5. A waste processing device for wire terminal production according to claim 1, characterized in that: The discharge component (6) includes a round rod (61), the two ends of which are rotatably connected to the side wall of the processing box (1) via a rotating shaft (63). A through hole (64) is provided on the round rod (61). A first motor (62) is installed at one end of one of the rotating shafts (63) of the round rod (61). The installation direction of the round rod (61) matches the gap at the lower end of the inverted octagonal structure. When the through hole (64) faces the crushing roller (31), the crushed plastic material enters the filter mechanism through the through hole (64). When the through hole (64) is parallel to the crushing roller (31), the crushed metal material is discharged by opening the opening and closing mechanism (16).

6. A waste disposal device for wire terminal production according to claim 1, characterized in that: The metal discharge mechanism includes a second guide plate (12) and a metal discharge plate (2) fixed to the side wall of the processing box (1). The second guide plate (12) is inclined and fixed to the third guide plate (13). A communication hole is provided on the side wall of the processing box (1) for the second guide plate (12) to communicate with the metal discharge plate (2).

7. A waste disposal device for wire terminal production according to claim 1, characterized in that: The filtration mechanism includes a filter plate (7) and a coarse material discharge plate (14) fixed on the outer wall of the processing box (1). The filter plate (7) is inclinedly inserted below the first guide plate (11). The side wall of the processing box (1) is provided with a discharge hole for communicating between the filter plate (7) and the coarse material discharge plate (14).

8. A waste disposal device for wire terminal production according to claim 1, characterized in that: The opening and closing mechanism (16) includes a baffle (164) slidably connected to the lower end of the third guide plate (13) and a winding mechanism located at the upper end of the third guide plate (13). The lower end of the third guide plate (13) is provided with a slot, and the lower surface of the third guide plate (13) is provided with a sliding groove (165) for the baffle (164) to be slidably installed. The upper end of the third guide plate (13) is connected to the upper end of the sliding groove (165) through a return spring (166), and the upper end of the baffle (164) is connected to the winding mechanism through a pull rope (163).
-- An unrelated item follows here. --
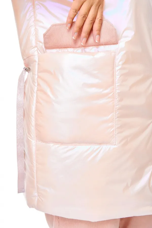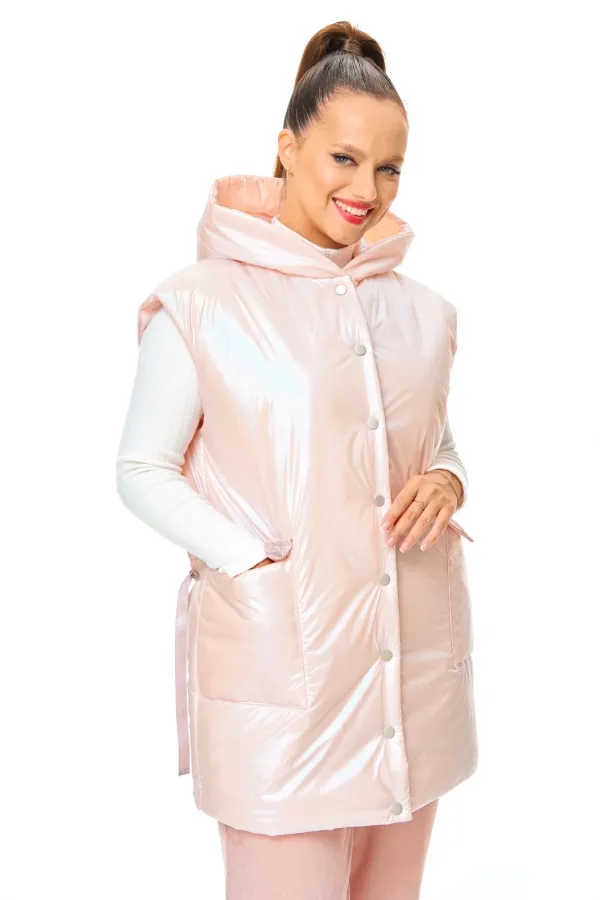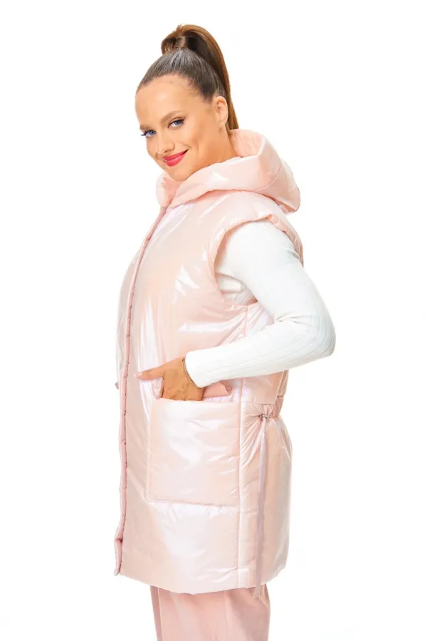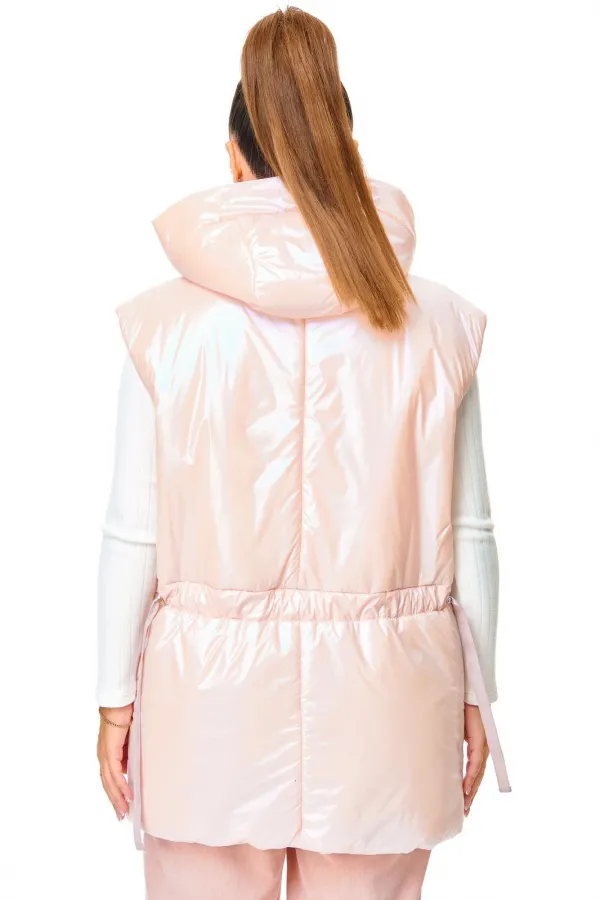 Удлиненный жилет с глубоким капюшоном на легком утеплителе синтепон. Застежка на кнопки. По переду накладные карманы с клапаном. Низ затягивается на кулиску. Жилет на подкладке.

9. A waste disposal device for wire terminal production according to claim 8, characterized in that: The winding mechanism includes two mounting blocks (161) fixed on the third guide plate (13), and a winding roller is rotatably connected between the two mounting blocks (161). A second motor (162) is mounted on one end of the winding roller, and a pull rope (163) is wound on the winding roller. A connecting block (167) for fixing one end of the pull rope (163) is fixed to the upper end of the baffle (164).

10. A method for treating waste materials from the production of wire terminals, using the waste treatment device for the production of wire terminals as described in claim 1, characterized in that: Includes the following steps: S1. The wire terminals to be processed are fed into the processing box through the hopper. At the same time, the electromagnet switch in the magnetic separation mechanism is turned on, and the discharge part and the opening and closing mechanism are in the non-discharge state. S2. The wire terminals are crushed by the crushing assembly and fall off. They are then guided and gathered by the first guide plate and the third guide plate. At the same time, the magnetic properties of the prism block, the first guide plate and the third guide plate are used to attract the crushed parts. S3. Open the discharge port. The crushed parts without metal parts enter the filtration mechanism through the discharge port for screening and collection of coarse and fine plastic materials. S4. Close the switches for the discharge part and the electromagnet, open the opening and closing mechanism, and the metal-containing part will be discharged through the opening and closing mechanism.